Produce an exact transcription of the listing below, omitting the pictures.

- **Supplied material**:
--------------------------------
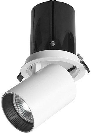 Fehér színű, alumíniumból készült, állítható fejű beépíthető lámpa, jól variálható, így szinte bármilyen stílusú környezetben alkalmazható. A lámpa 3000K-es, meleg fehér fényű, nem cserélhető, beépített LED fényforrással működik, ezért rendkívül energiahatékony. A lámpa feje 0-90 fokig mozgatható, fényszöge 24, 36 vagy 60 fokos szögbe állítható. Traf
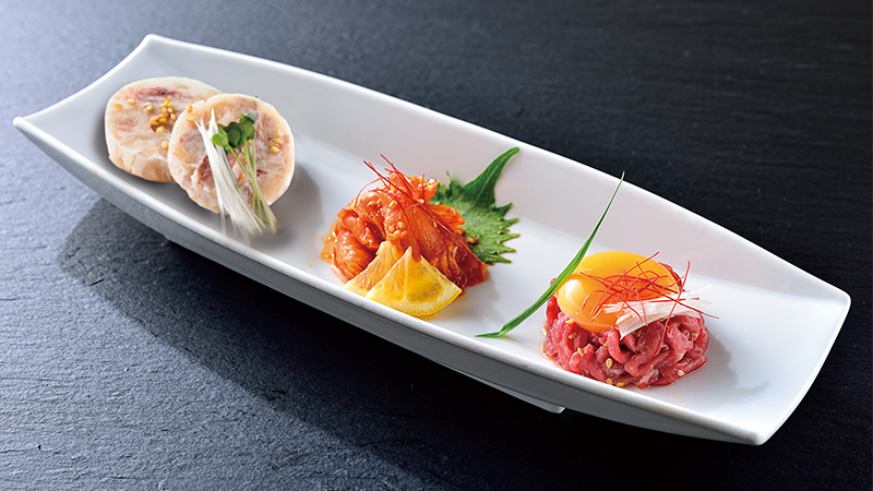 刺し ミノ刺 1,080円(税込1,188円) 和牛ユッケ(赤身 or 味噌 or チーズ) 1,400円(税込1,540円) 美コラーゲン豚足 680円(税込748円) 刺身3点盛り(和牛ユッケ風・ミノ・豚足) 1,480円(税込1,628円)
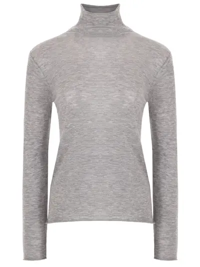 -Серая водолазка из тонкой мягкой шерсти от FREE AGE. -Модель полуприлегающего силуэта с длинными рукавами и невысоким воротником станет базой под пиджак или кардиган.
--------------------------------
- **Exercise output**:
 Fehér színű, alumíniumból készült, állítható fejű beépíthető lámpa, jól variálható, így szinte bármilyen stílusú környezetben alkalmazható. A lámpa 3000K-es, meleg fehér fényű, nem cserélhető, beépített LED fényforrással működik, ezért rendkívül energiahatékony. A lámpa feje 0-90 fokig mozgatható, fényszöge 24, 36 vagy 60 fokos szögbe állítható. Traf
 刺し ミノ刺 1,080円(税込1,188円) 和牛ユッケ(赤身 or 味噌 or チーズ) 1,400円(税込1,540円) 美コラーゲン豚足 680円(税込748円) 刺身3点盛り(和牛ユッケ風・ミノ・豚足) 1,480円(税込1,628円)
 -Серая водолазка из тонкой мягкой шерсти от FREE AGE. -Модель полуприлегающего силуэта с длинными рукавами и невысоким воротником станет базой под пиджак или кардиган.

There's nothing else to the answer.